With tight deadlines, developing software around scientific domains can mean that these tools are overlooked, with the developer's eyes focused on achieving a particular task. This post isn't about these tools per se, but how and when to employ them for maximum impact.
Correct
- Test coverage: the proportion of exercised code is calculated
- Test driven design: tests are written before the modules they exercise
- Automated testing: automated build servers
- Functional and integration tests: controller, templates and integrated system tests
- User acceptance testing: working with users to evaluate usefulness
- Code randomization and limit tests: searching for uncaught edge cases
Right
It is easy to put off testing on hearing tall tales of 100% test coverage (required in some companies, unbelievably) or dramatic, comprehensive test facilities, for fear that
writing tests is an all or nothing venture, and opting for nothing.
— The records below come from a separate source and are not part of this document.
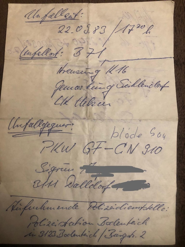 Zumindest hat die gegnerische Versicherung gezahlt! Also bin / war ick schuldlos…. Bin der Meinung ick kam aus Richtung Soltendieck, heute steht da aber das achteckige Stopschild…. oder kam ick doch aus Richtung Uelzen damals ??? O D E R ? ! Ick soll den Passat um 90° gedreht haben und die Beamten haben dadurch die Fahrtrichtungen durcheinander gebracht???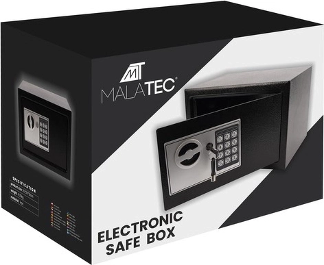 Praktiskais elektroniskais seifs MALATEC XL apvieno koda slēdzenes ērtumu ar mehāniskās atslēgas drošību. Tajā ērti glabāsiet naudu, rotaslietas, dokumentus līdz A5 formātam un citas vērtslietas. Pēc trim kļūdainiem mēģinājumiem tiek aktivizēta 30 sekunžu blokāde ar gaismas un skaņas signalizāciju, vājas baterijas norāda LED indikators.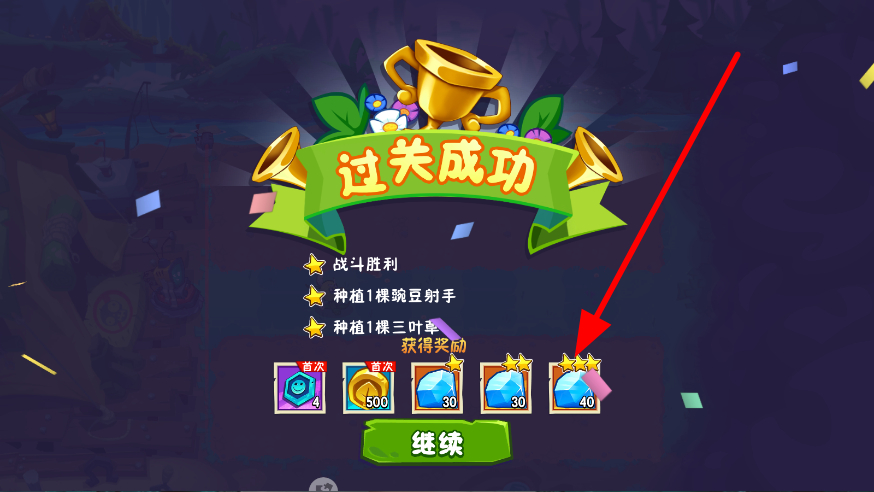 4、成功抵御僵尸的进攻后,可获得过关奖励,如钻石等道具,这些奖励能用于解锁新植物或提升现有植物的能力,增强防御实力。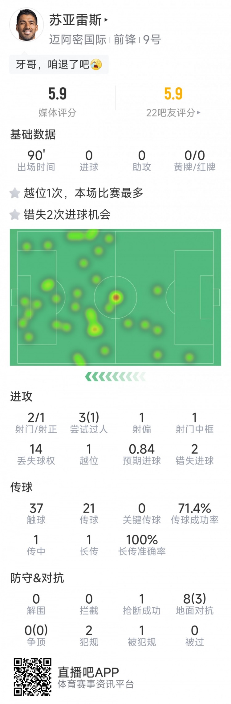 2025-11-02 16:32:50苏亚雷斯本场数据:2次错失良机,1次中柱,评分5.9分全场最低

In practice, writing tests should focus on quality in the right place:
- The right scope
Test only what needs testing: avoid testing methods already in place elsewhere. - The right scale
Building far reaching helpers or complex mocking is typically avoidable for most modules - The right time
The earlier the better!
Review
Building a review period into a development timeline is a great way to evaluate current practices to highlight what's working, and what isn't. This is the place
to think about ramping up a test framework to more advanced approaches as necessary, rather than never getting going because the scale of doing things 'correctly' is too vast.
"Agile" vs agile
A common misconception is that 'agile' development is a millstone: loaded down with jargon and heavyweight academic practices that
fail to translate into the real world. However, by focussing less on doctrine and more on pragmatic use and review, modern tools and techniques
can add tremendous value whist reducing risk and costs of scientific software projects.